IFC raises N$180m bond in Namibia

Photo credit: Namibian Sun www.namibiansun.com

Photo credit: Namibian Sun www.namibiansun.com

The International Finance Corporation, part of the World Bank Group, has continued its programme of helping develop African debt markets by launching the first bond by a non-resident issuer in Namibia. It raised NAD 180 million (about $12m) which it will use for private sector development in the country. The bond yield is 9.812% per annum.

The 5-year bond is named “Namib” after the world’s oldest desert. The bond is part of a medium-term note programme registered with the Namibian Stock Exchange that allows IFC to issue up to NAD 10 billion (approximately $650m) in bonds in the domestic market. Standard Bank and IJG Securities (Pty) Ltd are lead managers for the bond issuance. IJG Securities is also the sponsoring broker on the transaction, while Standard Bank and Transfer Secretaries (Pty) Ltd are fiscal agents.
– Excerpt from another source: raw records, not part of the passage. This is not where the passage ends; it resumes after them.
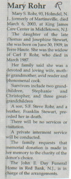 Other Daughter of the late Thomas and Josephine Stewart, she was born in Terre Haute. A son, S. F. Steve Rohr, and a brother, Franklin Stewart, preceded her in death. Died at King James Care Center in Middletown, N.J.
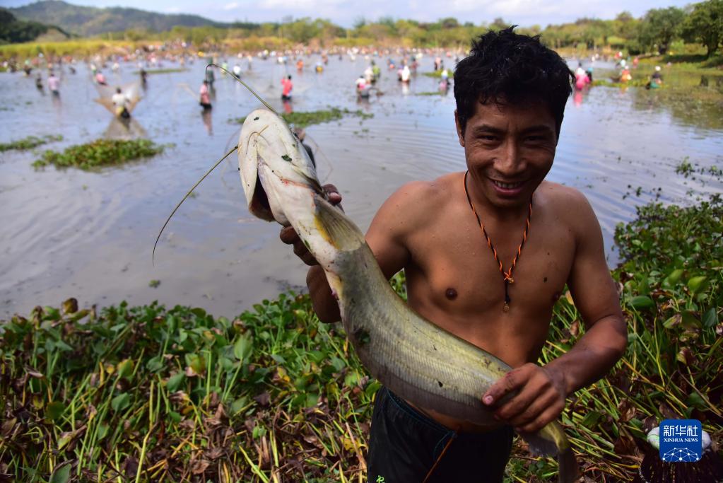 1月13日,在印度阿薩姆邦高哈蒂一處村莊,一名當地村民手捧漁獲。當日,村民參加捕魚活動,慶祝收獲季的結束。新華社發
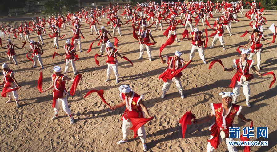 5月30日,村民在延安市安塞区冯家营村文化大舞台为游客表演安塞腰鼓(无人机拍摄)新华社记者 陶明 摄
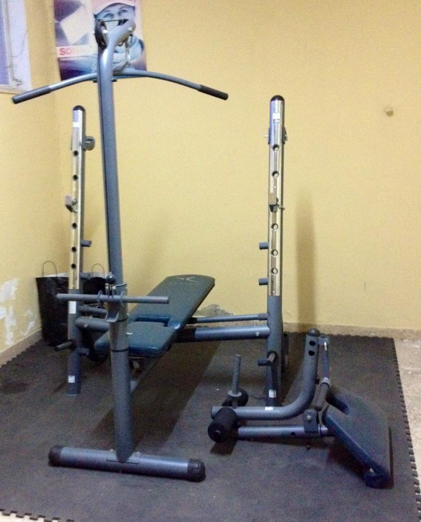 aggiungo ghisa per 80 kg + 1 bilanciere da 18 kg + 2 manubri da 2kg l'uno.
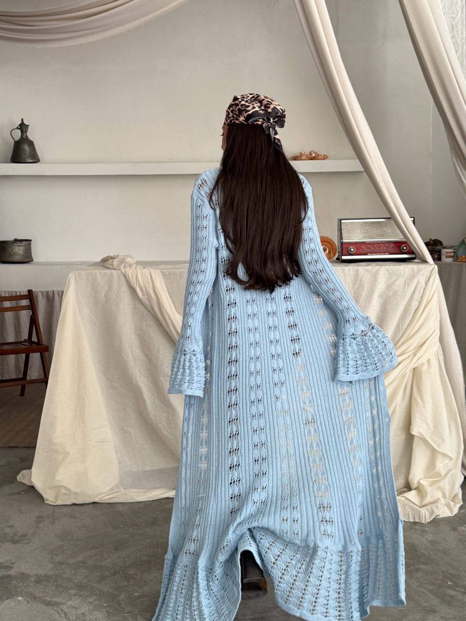 Жіноча Довга Ажурна Блакитна Сукня на Ґудзиках з Глибоким Вирізом та Рукавами Кльош
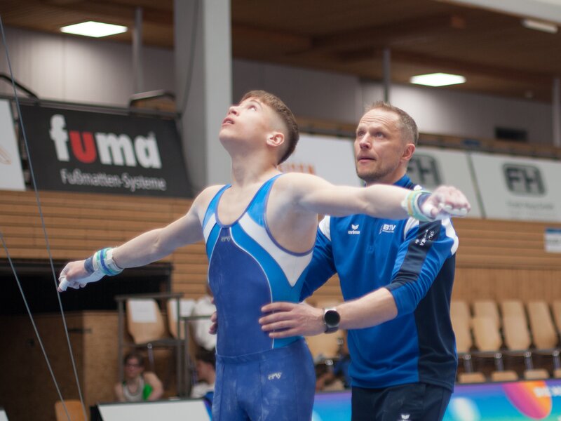 Neuzugang Luis Bolsinger gab sein Debüt im Team und kam an zwei Geräten zum Einsatz. Am Sprung erreichte er direkt die zweitbeste Wertung des gesamten Teams.
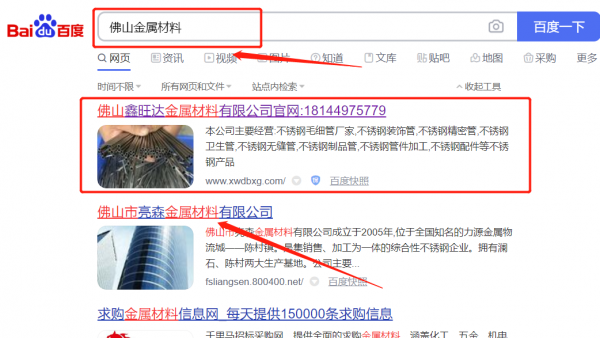 我們公司與佛山市*旺達金屬材料有限公司合作中,對這個公司所經營的金屬材料這個行業提供了網站SEO優化,與該公司的合作,更多的客戶讓我們公司為其提供百度快照排名,通過每一次合作,我們公司不斷完善自己,同時希望合作伙伴在經營的路上越來越好。
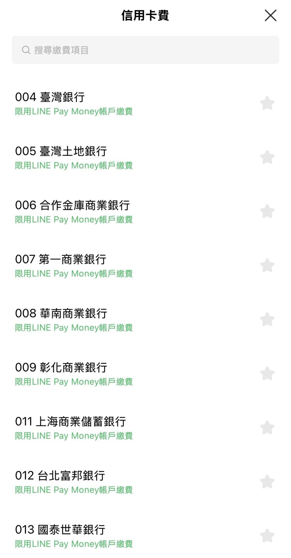 目前可以使用 LINE Pay Money 繳卡費的銀行有以下 25 家:
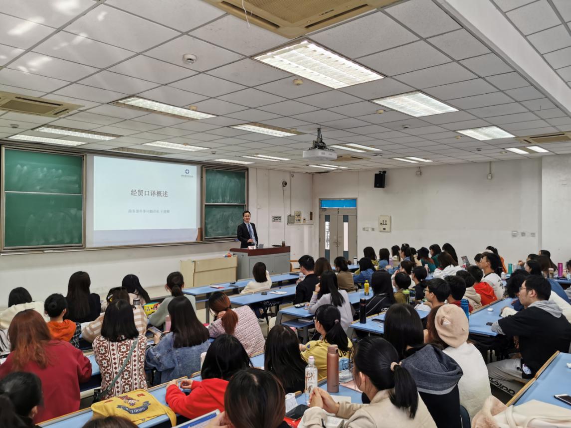 11月3日,beat365官方网站英语系00级优秀校友、现任商务部外事司翻译处副处长王健卿先生应邀回到母校,为英语系在校生上了一堂生动详实的“经贸口译概述”大课。他结合个人求学、工作经历,以诙谐幽默的授课风格与在场学子们分享了外事口译的基本概况、提高汉英口译水平的学习方法、字斟句酌的经验秘籍等,并枚举了大量工作中的口译实例,手把手带领学生现场体会外事口译技巧。

The bond is issued under IFC’s Pan-African Domestic Medium Term Note Programme, which was launched in May 2012 to support capital-market development in the region. The IFC has already issued local-currency bonds in Rwanda and Zambia, and 9 countries are part of the programme.
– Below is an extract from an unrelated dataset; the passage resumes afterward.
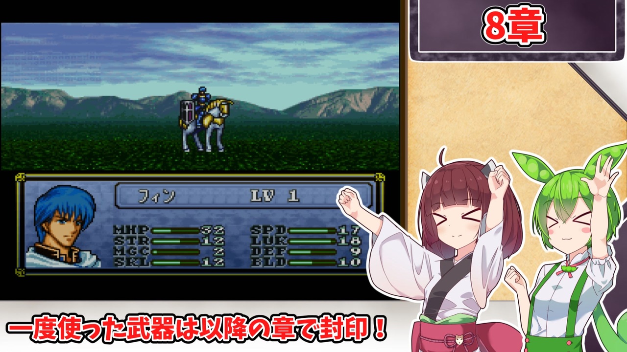 <span style="color: #85200c; font-size: 24px;"><strong><i>今回の動画は短め!(当社比)</i></strong></span><br><br><br><span style="font-size: 16px;"><strong>1:一度使用した武器種は、以降の章で使用する事を禁止する。<br>2:武器の使用の定義は『その武器を装備した状態で敵との戦闘が発生したタイミング』<br>または『その武器を使って敵に「捕える」コマンドを実行したタイミング』<br>杖の場合は『対象に対して使用した時点(命中の可否は問わない)』とする。 </strong></span><br><span style="color: #ff0000; font-size: 16px;"><strong>※同盟軍、演出による戦闘イベントでは使用した判定にはならないこととする。</strong></span><span style="font-size: 16px;"><strong> <br>3:仲間を47人生存させ、【外伝】を含む全ての章を攻略し、総合評価でB以上の状態でゲームをクリアする。</strong></span><br><br><br>本動画のシリーズリスト【<a href="https://www.nicovideo.jp/series/482976" target="_blank" rel="noopener">series/482976</a>】<br>『烈火』の同縛りプレイ【<a href="https://www.nicovideo.jp/series/406473" target="_blank" rel="noopener">series/406473</a>】<br>『封印』の同縛りプレイ【<a href="https://www.nicovideo.jp/series/316824" target="_blank" rel="noopener">series/316824</a>】<br>前:【<a href="https://www.nicovideo.jp/watch/sm44253129" class="watch">sm44253129</a>】次:【<a href="https://www.nicovideo.jp/watch/sm44307663" class="watch">sm44307663</a>】<br><br><strong>使用したソフト</strong><br>VOICEROID+東北きりたんEX<br>VOICEVOX:ずんだもん<br>VOICEPEAK ずんだもん<br><strong>お借りした素材</strong><br>ニコニコモンズの皆様(コンテンツツリー参照)
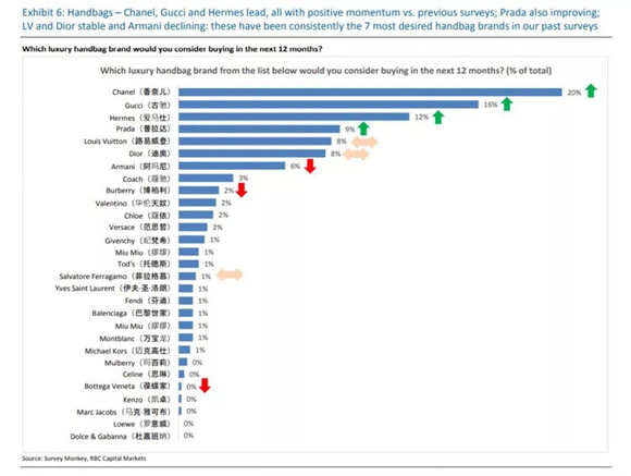 近来加拿大皇家投资银行(RBC Europe)的一项调查显示,Chanel(约有20%的受访者表示希望购入)和Gucci(约16%)成为2018年度最受奢侈品消费者欢迎的名牌包。仅次于这两个品牌的是Hermès(12%)、Prada(9%)、Louis Vuitton(8%)、以及Dior(8%)。如果不考虑预算限制的话,受访者们表示Hermès为他们最希望拥有的品牌。中国消费者们相当尊敬该法国传统品牌的世界级工艺。

Jingdong Hua, IFC Vice President and Treasurer, said: “Deep, vibrant capital markets create access to long-term, local-currency finance for the private companies so they can get tailor-made financing for growth and expansion. The IFC Namib bond is an integral part of IFC’s strategy to support Africa’s capital market development and create access to finance for the region’s private sector.”
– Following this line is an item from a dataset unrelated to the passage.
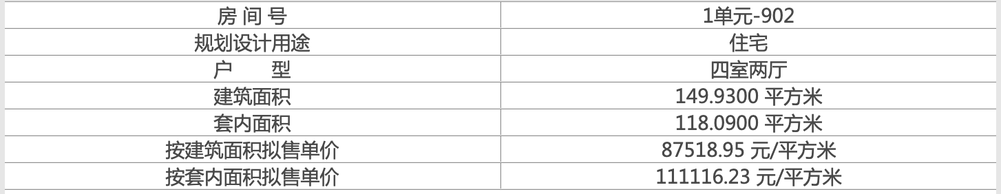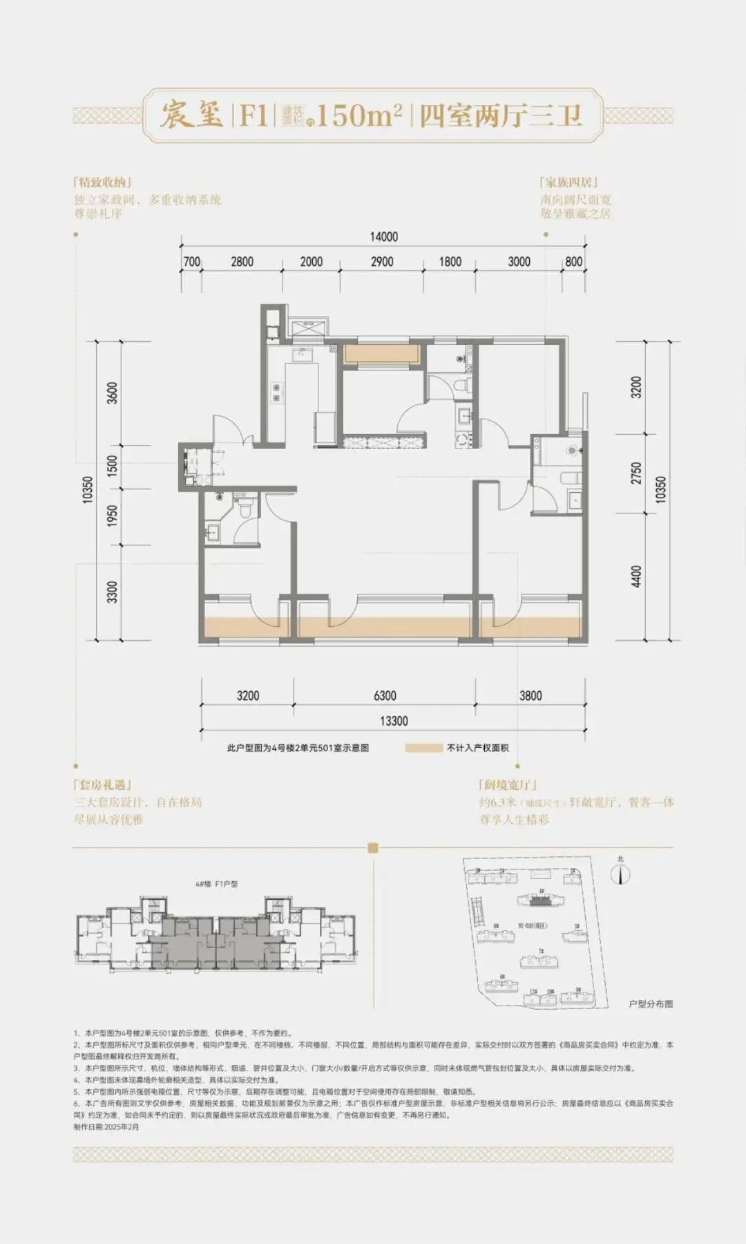 建面149.93㎡四室两厅(F户型),套内面积118.09㎡,得房率78.8%;

IFC supports local capital market development in Africa by working with governments, regulators and market authorities to put in place frameworks that encourage market entry by domestic and international issuers. IFC also supports African companies looking to access capital markets.

More recently, IFC launched a new capacity-building programme for African capital market regulators and practitioners. This is a partnership with the Milken Institute and George Washington University and will create a network of experts and advocates to support the region’s capital markets.

Ipumbu Shiimi, Governor of the Bank of Namibia, said: “Developing Namibia’s capital markets will be critical for long-term economic development, and especially for the expansion of the infrastructure and banking sectors. We hope that other international and domestic issuers will follow IFC and connect savings to Namibia’s private sector investment needs.”

IFC issues bonds denominated in local currencies in emerging markets as part of its regular programme of raising funds for private-sector development, and to support the development of domestic capital markets. In many cases IFC is the first, or among the first, non-resident issuer in a domestic market. IFC bonds are rated triple-A by Moody’s Investors Service and Standard & Poor’s.